10. The one or more non-transitory machine-readable information storage mediums of claim 9, wherein the one or more instructions which when executed by the one or more hardware processors further cause:

receiving the target value of each of the one or more properties of a desired material; and

passing the target value of each of the one or more properties of the desired material, to the set of trained RL models, to sequentially predict (i) one or more material compositions, and (ii) the value of each of the one or more process parameters of each of the one or more sequential manufacturing process steps present in each of the one or more manufacturing process routes, for each of the one or more material compositions, and wherein each of the one or more material compositions comprises the value of each of the one or more composition elements.

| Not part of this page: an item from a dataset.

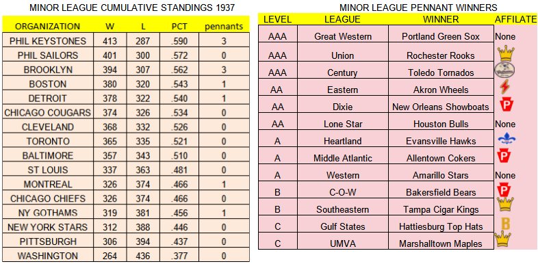 KEYSTONES ARE CLASS OF MINOR LEAGUES If minor league success breeds a winning major league organization then the future is very bright in Philadelphia as Keystones and Sailors are 1-2 in minor league success this season. The Keystones 5 minor league affiliates combined to post a .590 winning percentage and claim titles at 3 minor league levels. The cross-town Sailors, who always seem to have a successful minor league program, finished with the second best winning percentage but for a change failed to win a pennant at any of the five levels. The Sailors Class B affiliate in the Southeastern League came close but the Miami Sailors lost in a playoff tiebreaker to the Tampa Cigar Kings, a Brooklyn affiliate. The Miami entry has long been the class of the Southeastern loop with 8 pennants in the league's 12 year history including seven of the last nine years.Here is a look at the cumulative minor league standings for each of the 16 FABL organizations and a list of 1937 pennant winners. SCOUTING THE 1938 DRAFT CLASS PART FIVE: PITCHERS As has been the case in recent years there are several highly touted high school pitchers including one who has the makings of a future superstar. Of course predicting the future success of a 17 year old pitcher is risky business as injuries have derailed the careers of many promising arms but you have to think that Donnie Jones has the potential to become one of the best pitchers of his generation. OSA does not like pitching so odds are only 1 or two of these guys will make the list of 32 that go into the player lottery but expect a good portion of the remainder to be first round selections in the actual draft phase. JOHN DOBRZYNSKI 20 Eastern State University, Hometown Philadelphia, PA Dobrzynski tied for the AIAA lead in victories last season with his 9-5 record and his 3.27 era was among the best in the college ranks. He combined with teammate Jim Douglass to give Eastern State the best one-two punch in the AIAA last season and much the same should be expected from the duo this year. The righthander from Philadelphia is not pegged to be an ace by OSA, but the scouting services feels he can be a solid middle of the rotation arm.JIM DOUGLASS: 20 Eastern State University, Hometown Haddonfield, NJ Certainly not the same stature as Bobo White and Gus Goulding, who were teammates at St Blane College and went 1-2 in the 1934 draft but Douglass and Dobrzynski may be the most talented pair of college pitching teammates to enter the draft together since the Fighting Saints duo. Douglass was 8-2 with a 2.96 era last season, second lowest in the AIAA. At 15-5 for his college career he stands an outside chance of finishing in the top ten all-time in career AIAA victories. Ed Stevens, who pitched for Travis College from 1925-27 is currently tenth with 26 wins while the leader remains former Georgia Baptist ace Tom Barrell who won 34 games as a collegian. As for Douglass, OSA likes his chances of being a big league starter but feel his ceiling is the back end of the rotation.SAM GOULDING: 17 Springfield (KY) High School Not believed to be any relation to the previously mentioned Glen Goulding. Sam is actually pegged as a reliever by OSA and has come out of the bullpen in nearly half of his 41 high school appearances over the past three seasons. He is a groundball pitcher blessed with plenty of movement on his offerings, the best of which is a nifty curveball. Might be a high risk pick as OSA really does not see him as a starter but does believe he has the makeup to finish games. Perhaps best case is he becomes a Del Lyons type arm and that is not bad as while Lyons has struggled as a starter, he has been terrific coming out of the pen and made a pair of all-star game appearances with the Brooklyn Kings.DONNIE JONES: 17 Minneapolis (MN) High School The next great star perhaps? Donnie is the younger brother of Johnnie Jones, 1936 4th overall pick by the New York Stars, and by all indications will be an even better prospect than Johnnie was. He still has a year of high school eligibility left but has already claimed a list of accomplishments longer than his powerful right arm. Jones is a 2-time High School All-American and received consideration for the Adwell Award both times. He is one of only 4 high school pitchers to go 12-0 in a season. Jones set the single season high school strikeout record in 1936 with 215, no one else ever topped 200. He added 184 k's (8th highest all-time single season) last year and for his three seasons Jones is 4th right now with 525 career strikeouts with another year of eligibility remaining. It seems very likely he will surpass Al Duster's career high school mark of 637 strikeouts. Jones is 33-3 for his career and is also expected to set a new all-time wins mark for a HS pitcher (Al Duster also leads this category with 38). Jones had a 0.43 era in 1936, a standard only surpassed by Rufus Barrell II's 0.38 in 1935 and he will also likely finish among leaders in career HS era. His 0.97 ranks third presently behind only David Molina and Pete Papenfus. OSA might be understating their assessment of Jones saying simply he "has front of the rotation potential." His brother Johnnie earned the moniker "The Patron Saint of Groundballs." Donnie has a similar style and an equally flashy nickname as he is known simply as "Mole Killer." RAY KIRCHNER: 17 Franklin High School, Portland, OR Ray is the son of Raymond Kirchner, who was taken 4th overall out of High School in the 1912 draft but never made the majors. The elder Kirchner did play 15 seasons of pro ball, primarily with AAA Portland and won 165 minor league games. Ray was born in San Francisco while his dad was playing in the Philadelphia Sailors system but he grew up in the Pacific northwest and is another of the growing list of high school phenoms that have come out of Portland in the last few drafts. He has a 28-3 record to go with a 1.23 era over 3 seasons at Franklin High and looks like a potent

11. The one or more non-transitory machine-readable information storage mediums of claim 9, wherein training the set of RL models, using the plurality of training data sets to obtain the set of trained RL models, comprises:

defining a global reward function of the set of RL models, as a weighted function of the one or more properties of the material, and one or more characteristics of the material;

defining a local reward function of each RL model in the set of RL models, as a weighted function of one or more of: (i) one or more sequential manufacturing process step specific constraints, (ii) one or more evaluation metrics, (iii) one or more material structure state constraints, and (iv) the one or more characteristics of the material that are dependent of each sequential manufacturing process step, and wherein the one or more evaluation metrics comprises one or more environment, social, and governance (ESG) norms, one or more economic indices, and one or more manufacturability indices;

defining a training environment of each RL model in the set of RL models, using the local reward function of associated RL model, and by utilizing a set of computational simulation models, wherein the training environment of each RL model determines a next state, the value of the local reward function, and a learning episode completion status, for a given state, based on an action taken by the associated RL model;

transforming each training data set of the plurality of training data sets along with the target value of each of the one or more properties of each material of the plurality of materials, at a time, to determine (i) a state, (ii) the next state, and (iii) the action, (iv) the reward, and (v) the learning episode completion status, of each RL model in the set of RL models; and

iteratively training each RL model in the set of RL models, defined for (i) the composition selection, and (ii) each of the one or more sequential manufacturing process steps present in each of the one or more manufacturing process routes, in a reverse sequential order, by utilizing the training environment of the associated RL model and each training dataset present in the plurality of training data sets, to obtain the set of trained RL models.

12. The one or more non-transitory machine-readable information storage mediums of claim 11, wherein:

the state of each RL model of the composition selection, and each sequential manufacturing process step, is defined with respect to one or more of: (i) the value of each of the one or more process parameters of each of the one or more sequential manufacturing process steps that are precedent to the corresponding sequential manufacturing process step present in each manufacturing process route, (ii) the value of each of the one or more composition elements, (iii) the target value of each of one or more properties of the material, (iv) the one or more evaluation metrics, and (v) one or more material structure state parameters,

the action of each RL model of the composition selection, and each sequential manufacturing process step, is defined with respect to the value of each of one or more composition elements present in the material, the value of each of the one or more process parameters of the corresponding sequential manufacturing process step present in each manufacturing process route, respectively, and

the reward of each RL model is defined as a sum of a value of the local reward function of the associated RL model and the value of the global reward function.